William Davies, escritor y sociólogo británico, ha atinado a decir que la psicología es muchas veces el medio que las sociedades utilizan para no tener que mirarse al espejo. Y que la incesante fascinación actual por las cantidades de sentimiento subjetivo sólo distrae nuestra atención crítica de los problemas políticos y económicos de carácter más amplio. En sociedades como la nuestra, como bien lo apuntó Umberto Eco, donde la distinción tradicional entre la derecha y la izquierda —políticas— se ha perdido, la ciencia deviene una cuestión de laicos santurrones. Y a los psicólogos —que les encanta andar haciendo de policía moral— les acomoda bien esta etiqueta.
En el afán por clasificar los movimientos sociales se les ha querido definir a partir de su alcance, de los objetivos y del tipo de cambio que persiguen, de los métodos que utilizan, etc. Hoy día, incluso, se han establecido criterios para identificar los “nuevos movimientos sociales” enfatizando sobre sus formas de organización, las reivindicaciones que los motivan y los valores que enarbolan, sus formas de operación e, incluso, sobre su autonomía política. En síntesis, la discusión sobre los movimientos sociales es tan vasta que, para confundirlos con un fenómeno de masas, se necesitaría estar extremadamente desinformado.

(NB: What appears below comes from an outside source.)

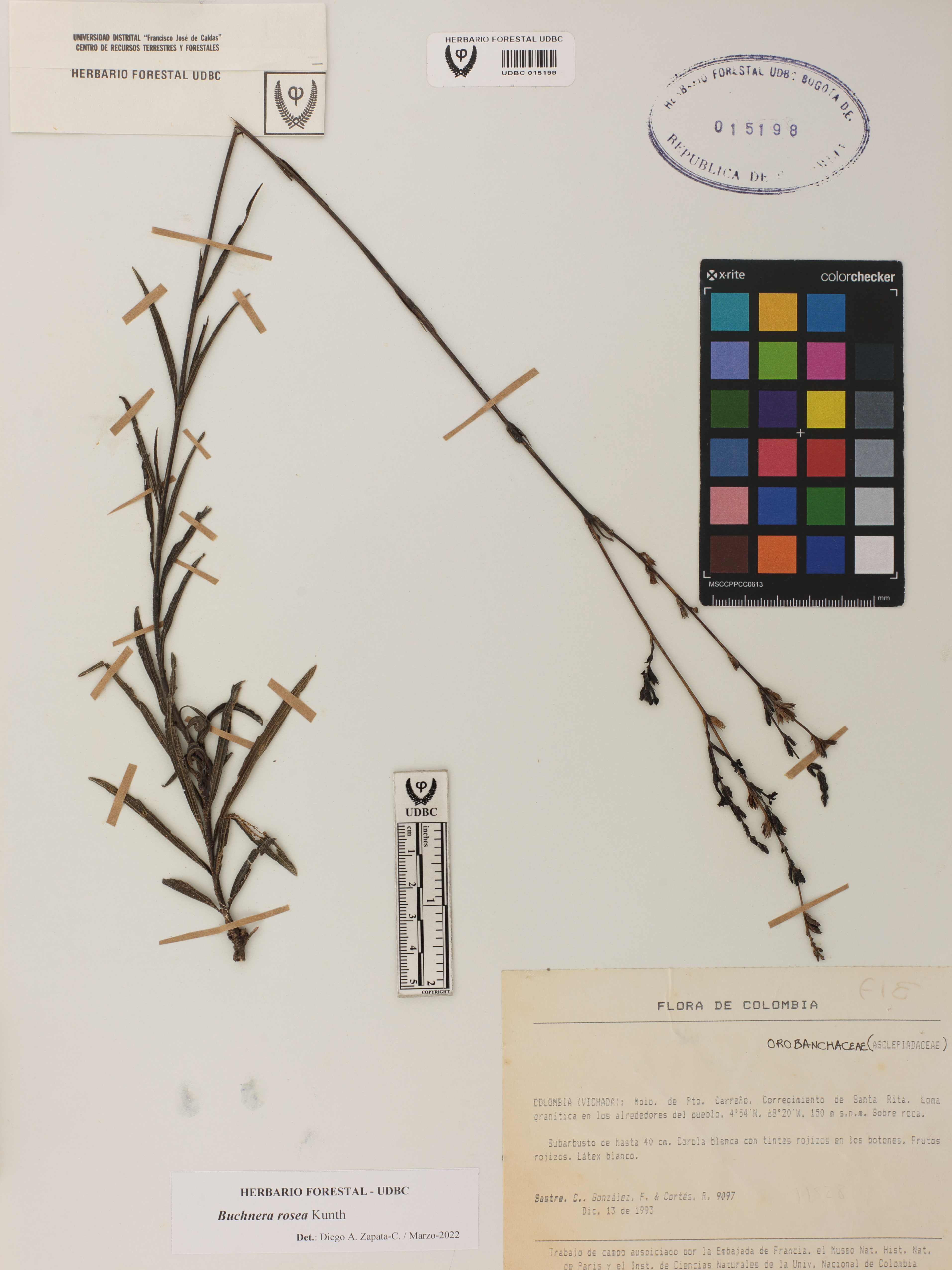 Fotografía del ejemplar Sastre, C. 9097, determinado como Buchnera rosea en el año 2022

Es indudable que los movimientos sociales son catalizadores o agentes del cambio social. Es innegable que, como lo dijo el sociólogo español Manuel Castells, la indignación, la injusticia y los abusos cotidianos son, entre otros, el combustible del que se alimentan. Y sí, como también lo ha detallado, tienen una característica común en términos de sus formas de acción y de movilización: la ocupación del espacio público. Sin embargo, a partir de la incorporación de Internet y otras tecnologías a la vida diaria, las formas de acción colectiva cambiaron radicalmente (en el caso del movimiento zapatista en México fue clarísimo). La denominada Primavera Árabe, los cambios en las políticas educativas en Chile, lo que ocurrió con la vivienda en países como España e Israel, etc., no podrían pensarse hoy sin los medios sociales (social media). Y para evitar refunfuños anticipados, se debe insistir que los movimientos sociales contemporáneos no son, propiamente, creaciones de Internet. No tienen su origen ahí, ni en los medios sociales.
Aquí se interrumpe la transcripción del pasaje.